Copy out exactly the stretch below, from the line with "No Štef, kaj" through the line with "tá prevista la", both included; the pictures stay out.

---------- Exercise materials ----------

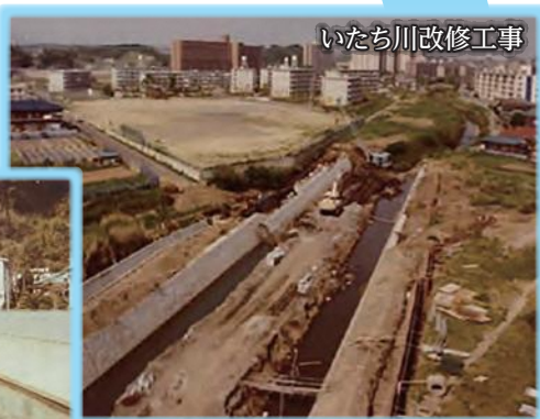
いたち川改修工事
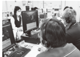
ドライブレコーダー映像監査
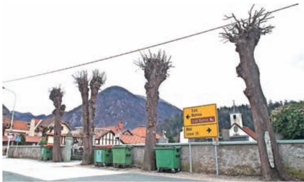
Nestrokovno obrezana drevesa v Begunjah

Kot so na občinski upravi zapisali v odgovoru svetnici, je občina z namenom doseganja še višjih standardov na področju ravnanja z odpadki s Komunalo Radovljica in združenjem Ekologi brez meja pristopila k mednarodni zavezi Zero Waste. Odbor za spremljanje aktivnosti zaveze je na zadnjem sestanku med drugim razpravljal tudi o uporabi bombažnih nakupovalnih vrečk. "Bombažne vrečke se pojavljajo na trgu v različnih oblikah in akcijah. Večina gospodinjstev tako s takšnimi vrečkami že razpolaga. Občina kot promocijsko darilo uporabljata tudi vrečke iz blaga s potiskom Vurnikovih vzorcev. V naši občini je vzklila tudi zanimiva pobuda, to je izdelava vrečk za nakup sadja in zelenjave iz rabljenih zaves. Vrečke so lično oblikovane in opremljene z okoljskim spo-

----------
---------- Exercise materials ----------

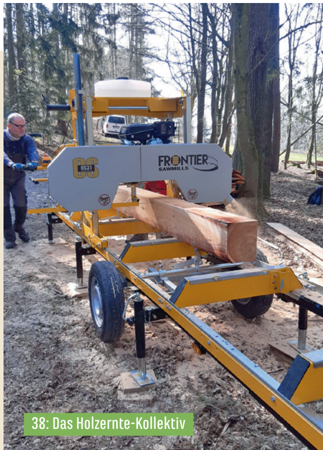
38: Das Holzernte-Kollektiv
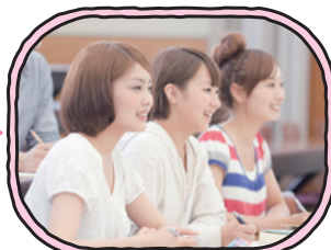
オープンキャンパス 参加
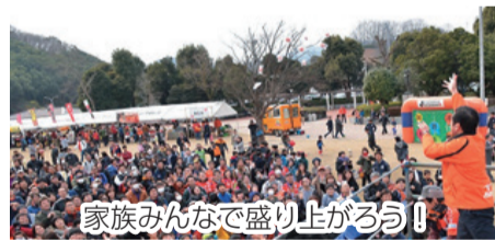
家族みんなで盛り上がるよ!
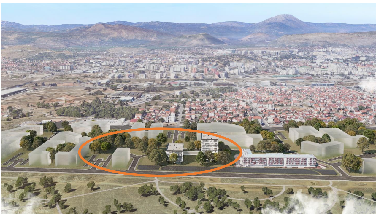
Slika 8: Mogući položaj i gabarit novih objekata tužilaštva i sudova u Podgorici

----------
---------- Exercise materials ----------

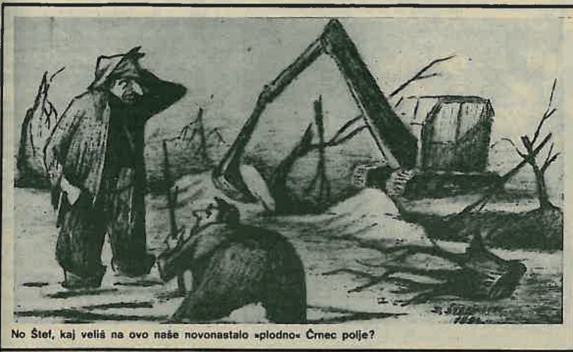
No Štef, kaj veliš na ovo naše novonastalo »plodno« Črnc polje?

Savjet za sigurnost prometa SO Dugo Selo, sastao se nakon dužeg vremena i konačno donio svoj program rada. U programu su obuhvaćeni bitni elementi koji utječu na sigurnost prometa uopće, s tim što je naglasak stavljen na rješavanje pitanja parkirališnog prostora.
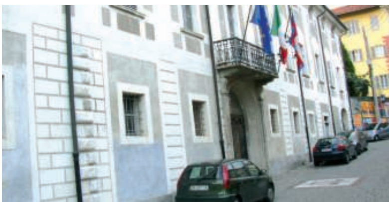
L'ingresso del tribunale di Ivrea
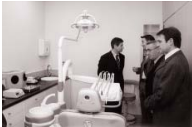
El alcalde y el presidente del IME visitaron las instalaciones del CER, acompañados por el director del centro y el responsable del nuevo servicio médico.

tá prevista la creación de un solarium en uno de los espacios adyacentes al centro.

----------

__Solution for this task__.
No Štef, kaj veliš na ovo naše novonastalo »plodno« Črnc polje?

Savjet za sigurnost prometa SO Dugo Selo, sastao se nakon dužeg vremena i konačno donio svoj program rada. U programu su obuhvaćeni bitni elementi koji utječu na sigurnost prometa uopće, s tim što je naglasak stavljen na rješavanje pitanja parkirališnog prostora.
L'ingresso del tribunale di Ivrea
El alcalde y el presidente del IME visitaron las instalaciones del CER, acompañados por el director del centro y el responsable del nuevo servicio médico.

tá prevista la creación de un solarium en uno de los espacios adyacentes al centro.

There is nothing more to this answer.